Speech Synthesis & Speech Recognition
Speech Synthesis & Speech Recognition
Brian Long (www.blong.com)
Table of Contents
Introduction
This article will look at support for speech in Microsoft Windows and see what's involved in incorporating aspects of speech technology in Windows applications. In particular we examine the Microsoft Speech API (SAPI) to see what it offers developers in terms of letting applications speak to users and also understand what users say. Since there is a lot of information (text and code) here, the article has been split over a number of pages. This page is an introduction to the subject whilst the other two pages (which have enough information to make them indivisual articles) look in detail at using SAPI 4 and SAPI 5.1 within Delphi applications.
Once upon a time the task of making your application speak or understand its user's commands was science fiction or at the very least involved lots of computing power. We will see that today's computers and speech technology enable any application to use speech technology with relative ease and good performance.

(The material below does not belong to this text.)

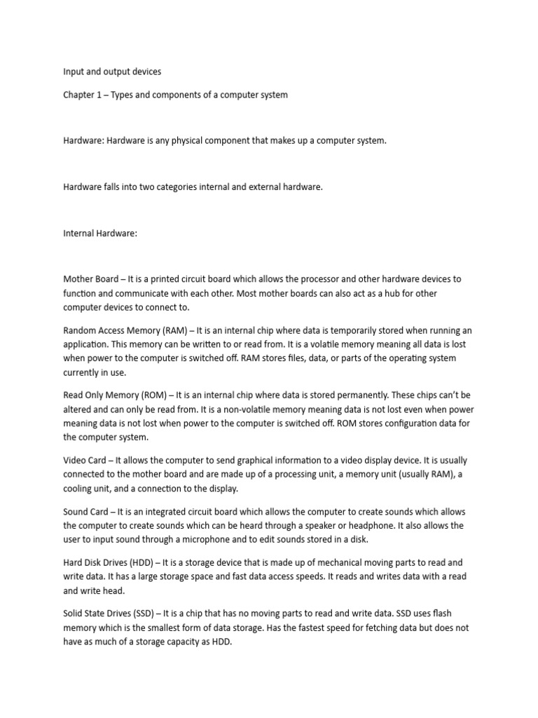 connected to the mother board and are made up of a processing unit, a memory unit (usually RAM), a

Microsoft have been researching and implementing speech technology for some
years and they have an area of their Web site dedicated to the matter at http://www.microsoft.com/speech.
Speech Technology
The speech capabilities that can be added to an application are text-to-speech synthesis (TTS) and speech recognition (SR).

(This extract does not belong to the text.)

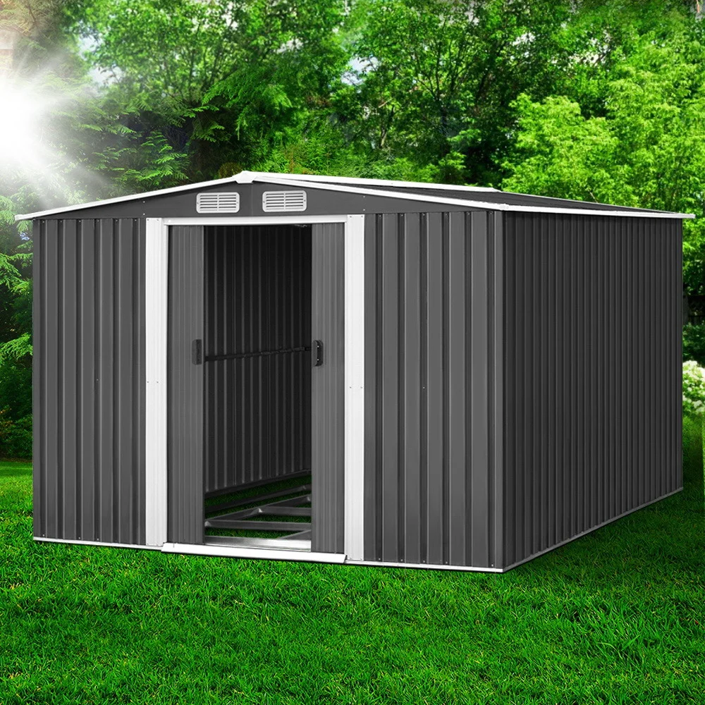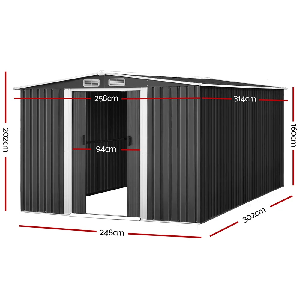 Giantz 2.58x3.14M Metal Garden Shed w/ Sliding Doors & Ventilation, Galvanised Steel, Weatherproof Outdoor Storage

Text-To-Speech Synthesis (TTS)
This involves turning a string into spoken language that is played through the computer speakers. The complexities of turning words into phonemes, adding appropriate emphasis and translating the result into digital audio are beyond the scope of this paper and are catered for by a TTS engine installed on your machine.
The end result is that the computer talks to the user to save the user having to read some text on the screen.
Speech Recognition (SR)
This involves the computer taking the user's speech and interpreting what has been said. This allows the user to control the computer (or certain aspects of it) by voice, rather than having to use the mouse and keyboard, or alternatively just dictating the contents of a document.

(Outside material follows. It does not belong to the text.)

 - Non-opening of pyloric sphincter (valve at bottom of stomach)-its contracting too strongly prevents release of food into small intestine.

The complex nature of translating the raw audio into phonemes involves a lot
of signal processing and is not focused on here. These details are taken care
of by an SR engine that will be installed on your machine. SR engines are often
called recognisers and these days typically implement continuous speech
recognition (older recognisers implemented isolated or discrete speech recognition,
where pauses were required between words).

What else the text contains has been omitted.